This invention relates to proton radiography of human subjects.
Diagnostic radiologists are constantly seeking more useful radiographs and other means for internal visualization that minimize the risk of harm to patients. The detection by X-rays of anomalies such as cancers and other tumors is rendered more difficult by the fact that X-rays produce an image by absorption in material through which they pass. This absorption is proportional to the square of the atomic number of the material in the path of the X-rays. Thus, bones, largely calcium, are easy to distinguish and soft tissue, mostly carbon, hydrogen, and oxygen, is not. In particular, cancerous lesions have very nearly the same atomic composition as normal cells. Visualization of such lesions has therefore been accomplished by injection or ingestion of a material of high atomic number which will concentrate in the lesion to increase its opacity to X-rays. A similar means of visualizing lesions in certain parts of the human body involves the administration of compounds containing radioisotopes that are taken up preferentially by the lesions. Each of these means, administration of dense compounds and administration of radioactive compounds, presents a potential threat to the well-being of the patient that would be better avoided if possible.
It is known that one way to avoid the threats outlined above is to expose the suspected lesion to a flux of ions. It is possible to detect differences in the energy loss in a beam of ions when the beam is passed through a substance. This energy loss is proportional to density, and in particular electron density. If a lesions exhibits a difference in density from the surrounding material, this density difference may be detected to provide a picture of the lesion which would be difficult or impossible to attain using X-rays. Other advantages exist from the use of ion beams, particularly beams of protons. Since no tracer or radiopaque material need be administered, there is no problem of delay in obtaining pictures resulting from the time necessary to ingest and distribute such tracer or radiopaque material. In addition, it has proved possible to obtain proton radiographs using extremely low levels of radiation.
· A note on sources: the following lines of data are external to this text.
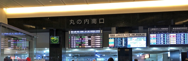 「丸の内南口」改札は、右下。南通路を通って、南のりかえ口にむかうのがベターです。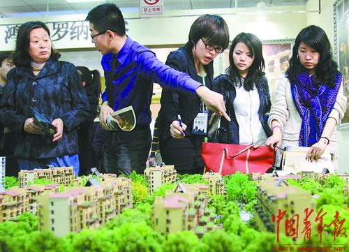 4月5日,北京春季房展会上,购房者正在销售人员的引导下查看楼盘。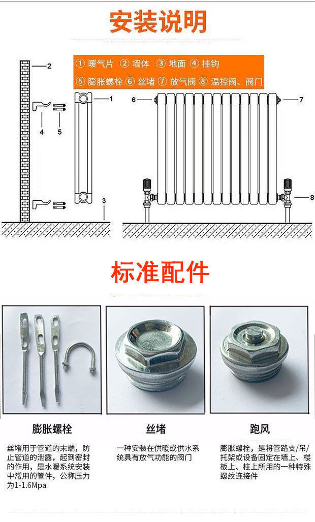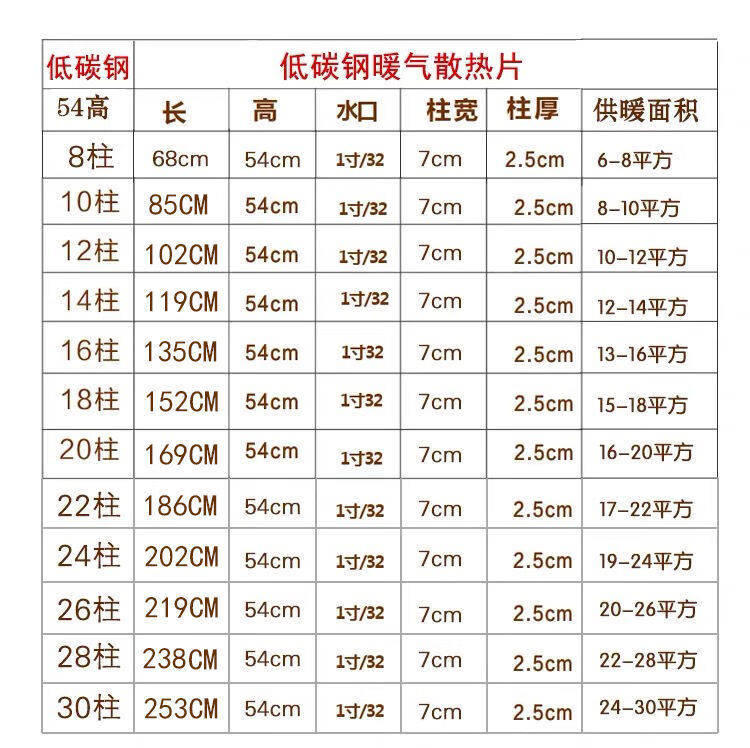 Radiator household low carbon steel radiator steel wall-mounted thickened heating radiator 7025 type radiator carbon steel 6 columns length and height 54cm 510mm
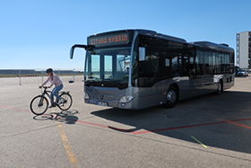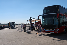 (lop) Wie wichtig Daimler die Sicherheit bei Bussen ist, wird gegenwärtig auf dem Hangar 1 des Flughafens demonstriiert. Bremsen quietschen, Busse und Lkw vollziehen eine Vollbremsung- und die Radfahrerin, die als Testperson auf der rechten Fahrzeugseite vorbei gefahren ist, bleibt unbehelligt von der Aktion und fährt weiter.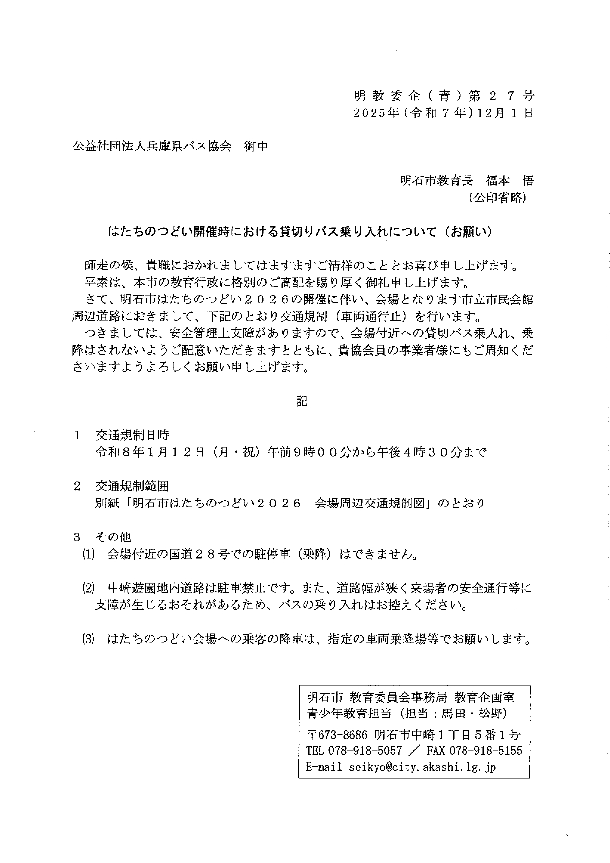 明石市「はたちのつどい2026」開催時の貸切バス乗り入れについて

The conclusions stated above have resulted from investigative work that has been carried out at various Accelerator Laboratories. Each such study has involved using an accelerator designed for research in high-energy physics in a manner for which the accelerator is marginally adapted. Relative to the needs of diagnostic proton radiography, the particle-research accelerators are expensive to build and complicated and expensive to operate. They produce too many protons in a beam whose particle density across a cross section is too high. The beam they produce is not designed either to be swept or to be defocused into a uniformly diffuse beam. Finally, and this is a serious disadvantage, they are not located in or conveniently near hospitals. The combination of factors outlined above suggests a need for a proton diagnostic accelerator that is sufficiently inexpensive to build and simple to operate and that is sufficiently safe that it can be located and routinely operated in a hospital.
It is an object of the present invention to provide facilities for proton radiography for location in a hospital.
It is a further object of the present invention to provide means located in a hospital for obtaining diagnostic proton radiographs.
Other objects will become apparent in the course of a detailed description of the invention.